What else did Nelson share about being “hell-bound” in childhood and trying to quit cigarettes? Plus, what eventually helped him to kick some of his habits?

Willie Nelson smiling in a black hat
Willie Nelson | Rick Kern/Getty Images for SiriusXM

Willie Nelson traded eggs for cigarettes when he first began smoking

As Nelson recalls in his book, Roll Me Up and Smoke Me When I Die, his next-door neighbor warned him about some possible dangers of drinking and smoking.

“She told me when I was about six-years-old that anyone who drank beer or smoked cigarettes — anyone who used alcohol or tobacco, really — was ‘going to hell,'” he writes. “She really believed that, and for a while I did, too.”

Nelson notes he’s “been hell-bound since [he] was barely out of kindergarten” if that’s true since he’d started drinking and smoking by the time he was six.
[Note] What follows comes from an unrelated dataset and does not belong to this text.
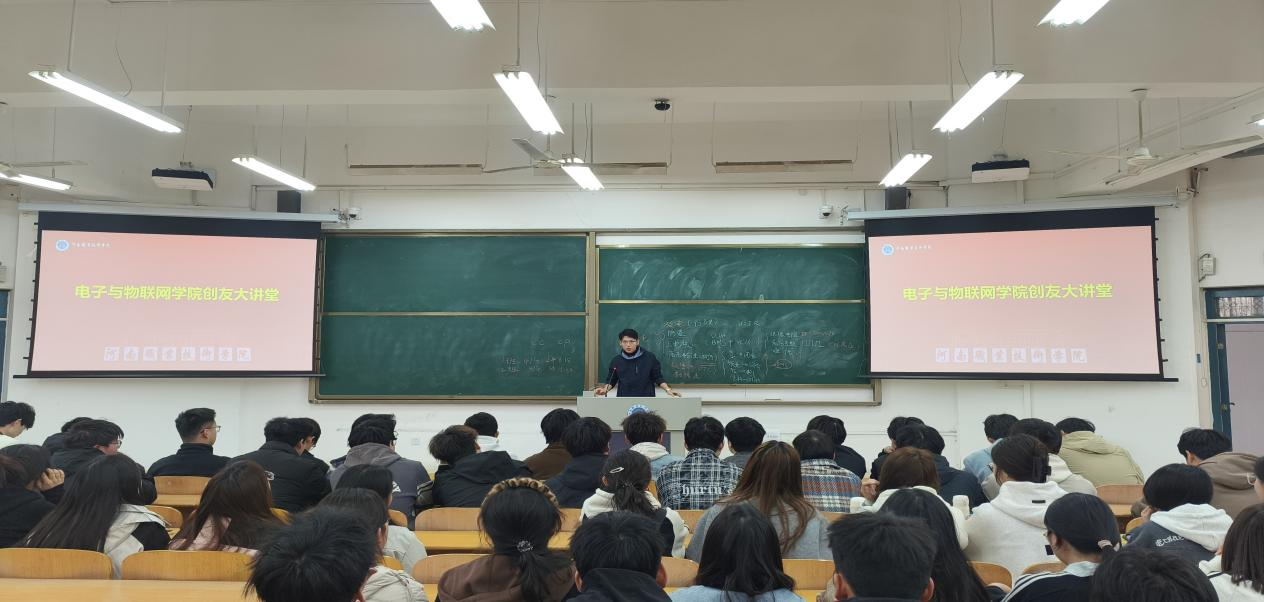 在分享过程中,孟荣恩结合自身经历,从创新创业参赛经历讲起,详细阐述了项目从选题、技术研发、团队协作到最终参赛的全过程。“一个好项目,不仅要有创新性,更要解决实际问题。”孟荣恩说。他鼓励同学们要敢于尝试,勇于创新,将专业知识与实际问题相结合,找到自己的兴趣点和突破口。

He says he would “take a dozen eggs from [the] chicken, walk to the store, and trade the dozen eggs” for a pack of cigarettes.
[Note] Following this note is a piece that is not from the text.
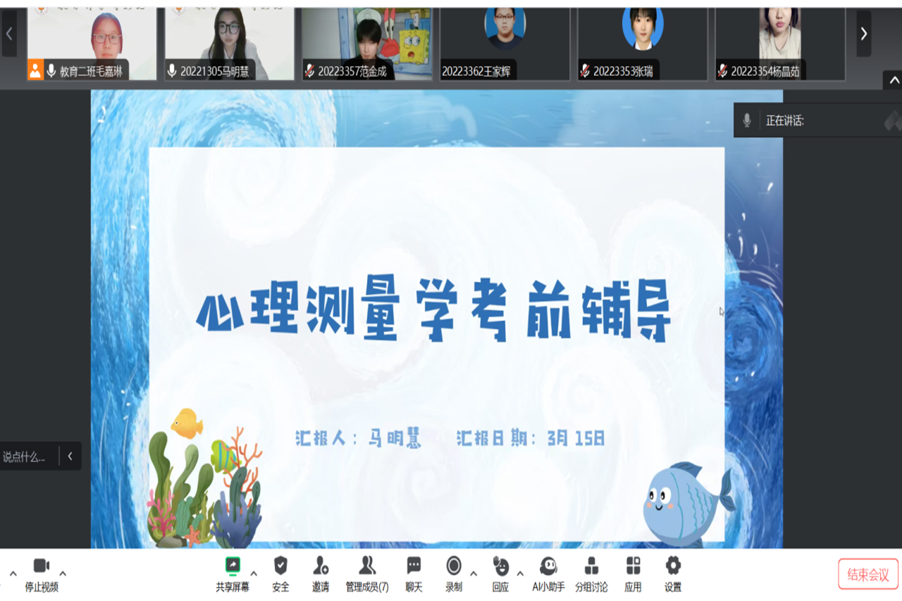 新学期伊始,为进一步强化学院学风建设,改善学生学习状况,帮助参加补缓考的同学查漏补缺,找准备考方向,提高考试通过率,充分发挥优秀学生在学风建设当中的引领示范作用,教育科学研究院于2024年3月15日开展考前辅导活动。本次辅导活动由多位成绩优异的同学对部分同学进行针对性辅导。教育学专业邀请到了罗妍同学,应用心理学专业邀请到了杨志坤同学和马明慧同学进行分享。

He also confesses to being somewhat dazzled by the packages and says, “They were marketing directly to me!”

As he got older, the habits led to health trouble and he eventually decided to stop. Of course, it wasn’t easy.

Willie Nelson: ‘Half the people in my life were killed by cigarettes.’

Nelson picked up smoking and drinking at a surprisingly young age and seemingly learned the hard way how dangerous they can be. And he warns others not to believe certain marketing lines.

In Roll Me Up and Smoke Me When I Die, the famous smoker calls the idea that menthol cigarettes are easier on throats “horses***.”

He discloses, “Cigarettes killed my mother, my father, my stepmother and my stepfather — half the people in my life were killed by cigarettes.”

“I watched my dad die after lying in bed with oxygen the last couple years of his life,” he shares.

And Nelson has since quit smoking for his own health.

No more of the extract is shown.